I'm not saying that's what you're asking here @MSchottlender-WMF, but just a truism as I think about this. :)

I tried to add clear documentation on how community members can request a change to the fallback chain. This would, presumably, also include requests to not fall back to English. I think this would suffice in most cases. If/When a community discovers a fallback they do not want, they can build consensus to change, and file a task for an update to the list. Does that sound agreeable?

https://www.mediawiki.org/wiki/Help:Extension:Kartographer#Map_language_fallbacks

The important bit here, in my opinion, is that for these things we have to have some community agreement

Agree. It's also super hard to preemptively ask communites what they would prefer. Posting something to every Village Pump would give us far less feedback than we'd desire.

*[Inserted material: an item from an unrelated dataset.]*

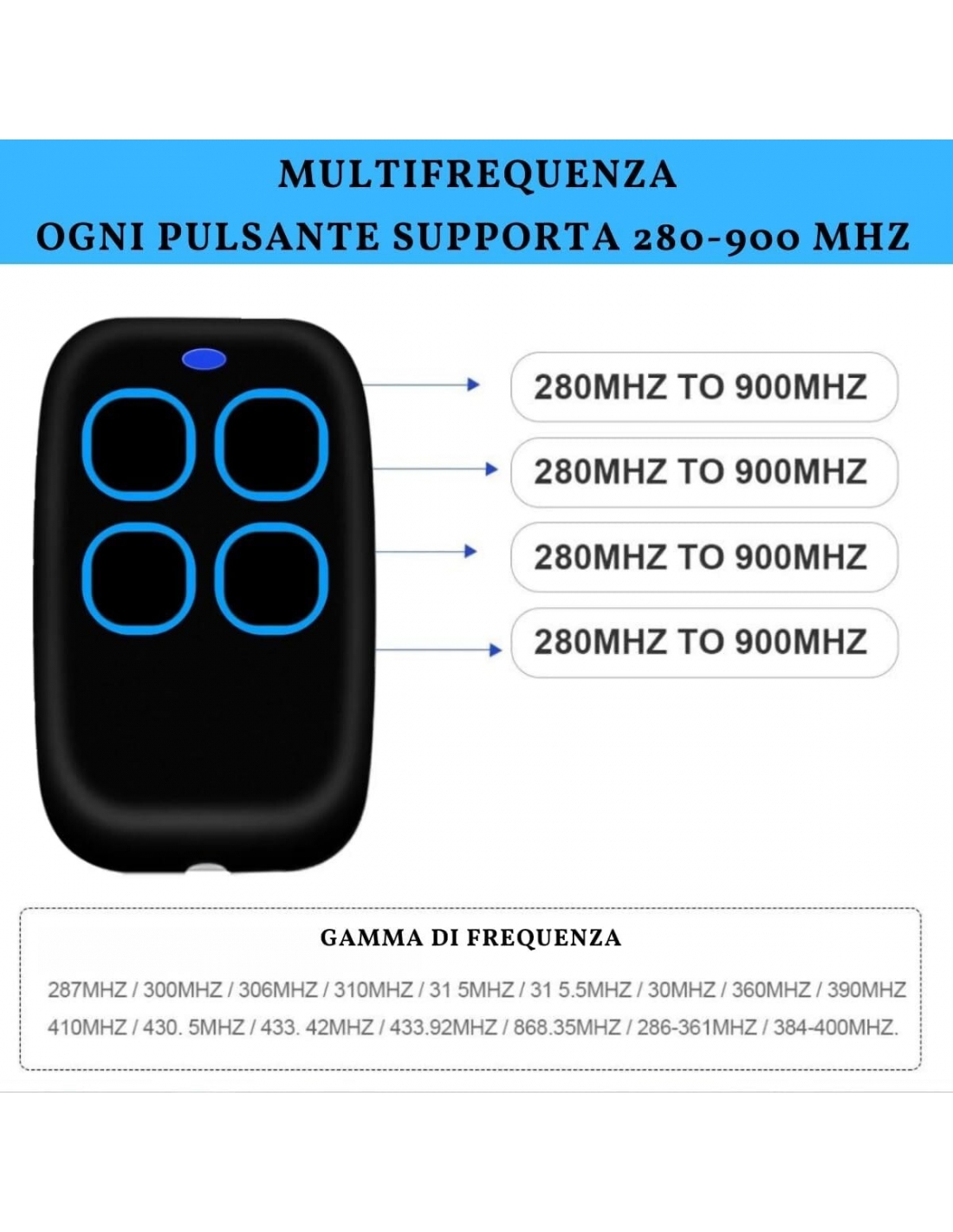 Telecomando Cancello Universale 4 in 1 Rolling Code Multifrequenza da 280 a 868mhz. Radiocomando programmabile Versione aggiornata con Lista compatibilità (Blu)
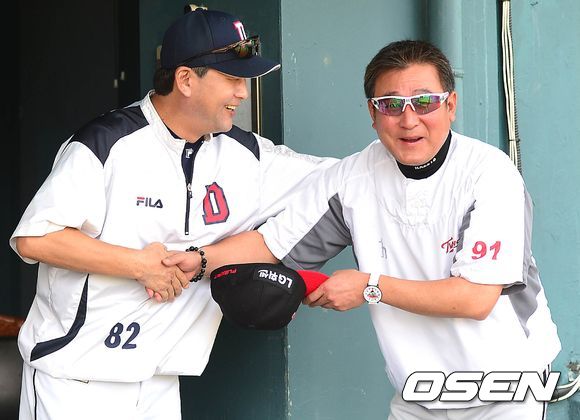 26일 오후 서울 잠실야구장에서 열리는 '2013 한국야쿠르트 세븐 프로야구' 두산 베어스 대 LG 트윈스의 경기를 앞두고 두산 김진욱 감독과 LG 김기태 감독이 인사를 나누고 있다.

I'm not saying that's what you're asking here @MSchottlender-WMF, but just a truism as I think about this. :)

I tried to add clear documentation on how community members can request a change to the fallback chain. This would, presumably, also include requests to not fall back to English. I think this would suffice in most cases. If/When a community discovers a fallback they do not want, they can build consensus to change, and file a task for an update to the list. Does that sound agreeable?

https://www.mediawiki.org/wiki/Help:Extension:Kartographer#Map_language_fallbacks

I think this is perfect. Thanks for writing and cleaning those up!

@Pnorman can we easily find an example of a couple of places where a -Cyrl label exists but a cyrillic language is missing (say, a label that doesn't have "ru" but has "foo-Cyrl") for more straight forward testing?

I don't know of any areas that meet that criteria, but if you could state the criteria more precisely I can search through a database.